That the eminent talents and distinguished integrity of the members who constitute the supreme court, justly entitle their decisions to the highest respect and consideration, is universally admitted; that they have been so received and considered by this court, its past conduct has testified; that the justices of that court, however, in common with the rest of mankind, would be subject to error; and that, in the variety and multiplicity of their concerns, they would sometimes unavoidably mistake the law, was, at the foundation of our government, foreseen. To correct such errors the constitution has provided this tribunal: whether that was wisely or unwisely done, it is now too late to inquire.

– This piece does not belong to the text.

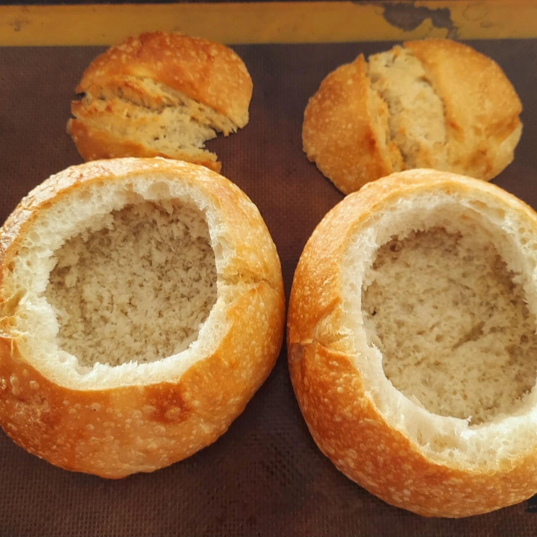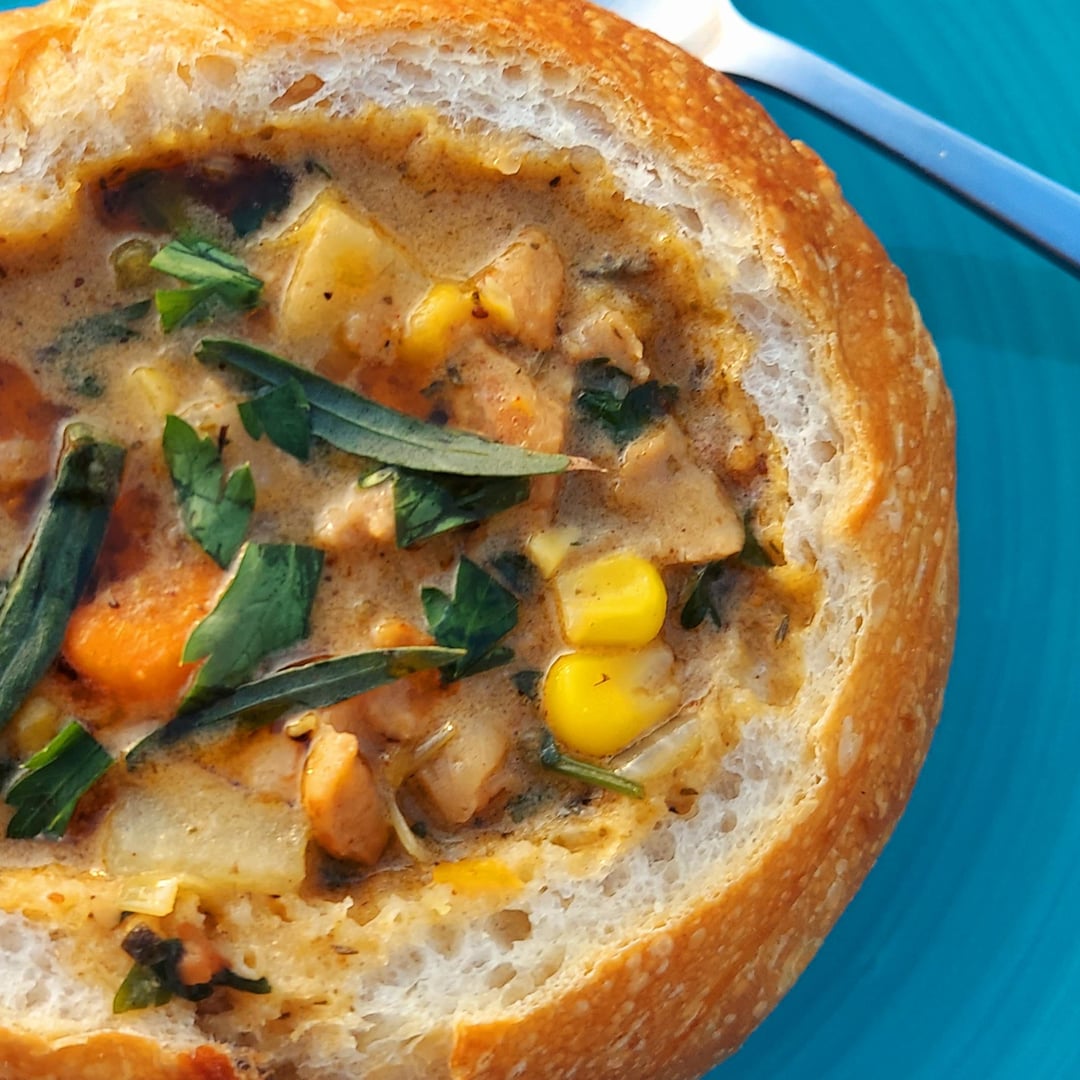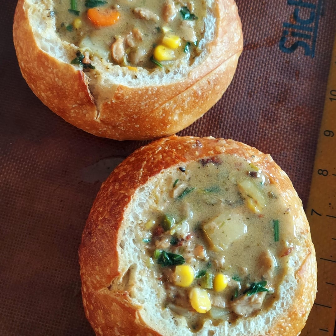 Seafood chowder with soy curl clams and a TJ’s bread bowl hack
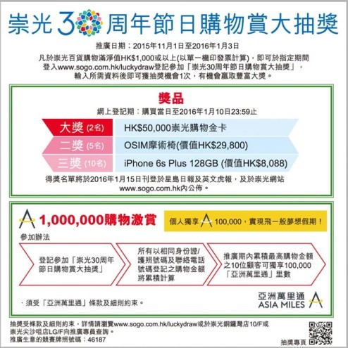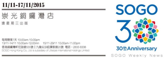 香港打折:sogo崇光百货铜锣湾店本周最新购物优惠(15年11月11日至11月17日)

By that provision it becomes our official duty to pass on their decisions, and, aided by the best lights that are afforded to us, and an exertion of such abilities as we may possess, to affirm or reverse them, as we shall find them, in our best judgment, right or wrong.
In matters of mere private opinion, no one would be more ready to surrender his individual impressions to those of the justices of the supreme court than myself; but situated as I am, and believing as I do that their decision in the case of Tillman v. Lansing was improvidently and erroneously made; and that the force of a previously expressed opinion, on the same point, in a great measure led to the reiteration of it, in the case of Dash v. Van Kleeck, I cannot but consider it as a violation of constitutional duty to omit doing as much as in me lies to obtain its correction.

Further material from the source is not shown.